For the emergency services, drones offer some serious capability. Most obviously they are a cheaper and more rapid response alternative to helicopters, giving operational commanders better insight to best deploy resources. This flexibility can speed up search and rescue operations, limit the risk to staff, reduce costs and save lives. Right now, Lincolnshire Police, who spoke at our Drone Futures conference earlier in the year, are using drones to search for missing people, fighting rural crime, supporting local councils and managing traffic around large events. The Royal National Lifeboat Institution (RNLI) ran trials using drones in real life rescues and West Yorkshire Fire and Rescue have started using drones to evaluate fires and reduce risks to their personnel.
In the future, who knows how the user cases will develop, but concepts for drone ambulances are being worked on and as drone tech becomes smaller, they could become more ubiquitous among emergency responders (who could imagine 20 years ago each emergency service employee would have access to smartphones?).
So the benefits of using drones in the emergency services are vast, but how systematic and effective are they being used? The truth is that like other technologies, drone adoption in blue light services has been patchy. The localised nature of emergency services makes it very difficult to have a single approach to technology rollout. Some police and fire services have got great stories to tell, whilst others have with invested poorly (bought the machines but not understood it) or are only at the start of their drone journeys. So what are the barriers?

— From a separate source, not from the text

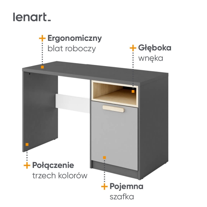Dedicated to a child's or teenager 's room , the modern Pok desk , 75 cm high, is characterised by its ergonomic design and functionality. The 120 cm wide and 50 cm deep top provides a comfortable space to study and work, while the spacious cabinet with doors allows for storage of school accessories. In addition, there is a deep shelf under the top, ideal for books, notebooks or other necessary items. The desk is distinguished by a modern style based on three colour tones: light grey, elegant graphite and classic white. An additional accent in the form of wood-coloured details adds cosiness and warmth to the furniture. Made of durable laminated board and robust ABS edging, this desk guarantees not only a stylish look, but also long-lasting usability. The handle is made of beech wood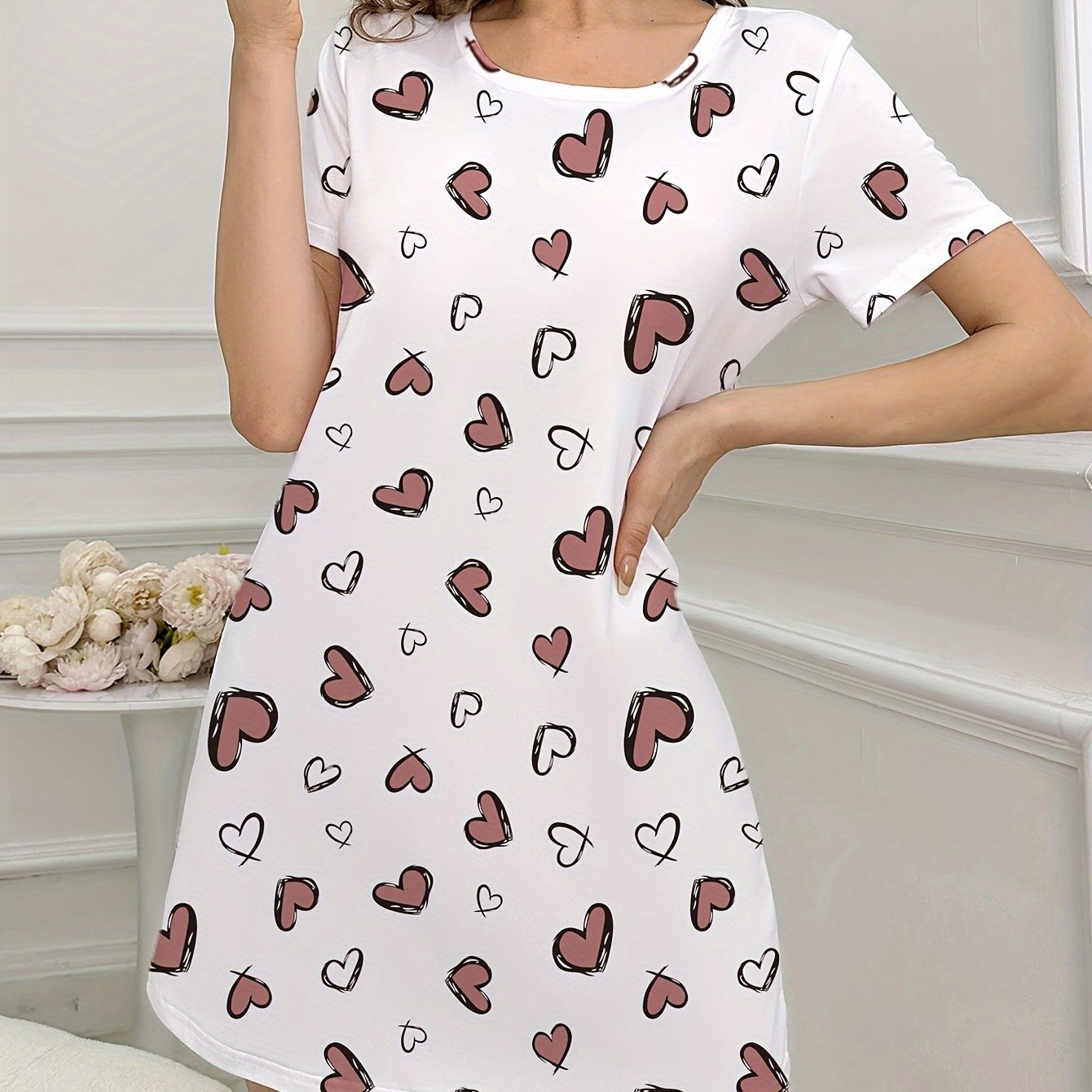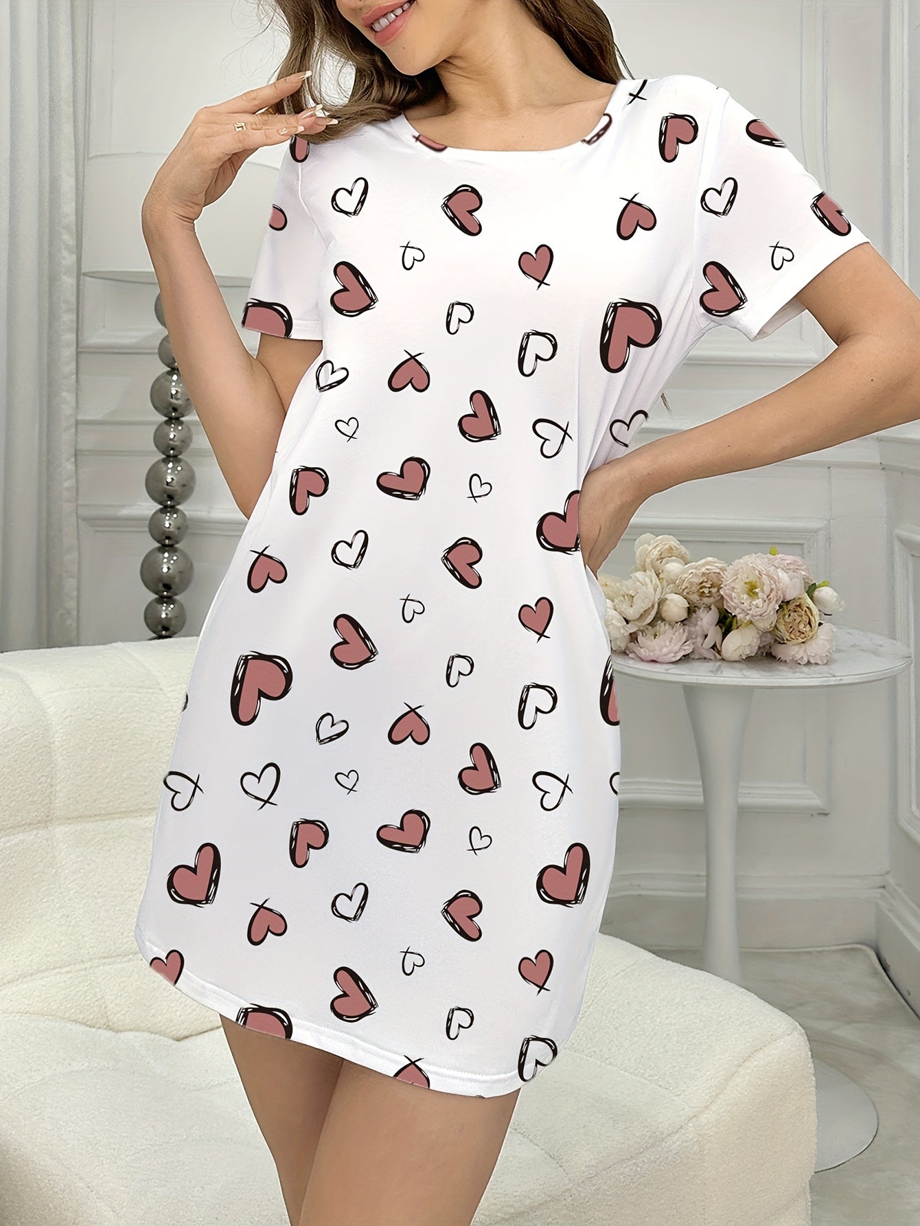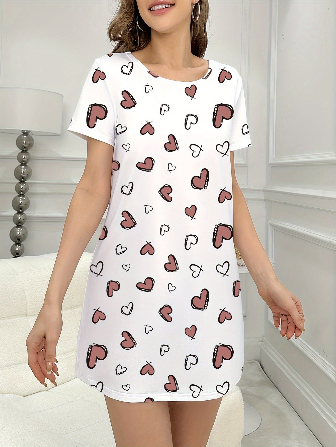استمتعِ بأوقات مريحة مع فستان النوم القصير بأكمام للنساء، الذي يأتي بتصميم لطيف مع طباعة قلوب جميلة. يعتبر خياراً مثالياً للاستخدام في المنزل أو الخروج.

Money and resources are the obvious barriers, but leadership culture is a big one too. It needs to occur to emergency service leaders to use drones and make sure those on the ground have the confidence, understanding and skills to effectively deploy them and no what they offer. The need for collaboration with other services is essential to addressing these gaps as is having examples and real champions for drones across all the blue light services.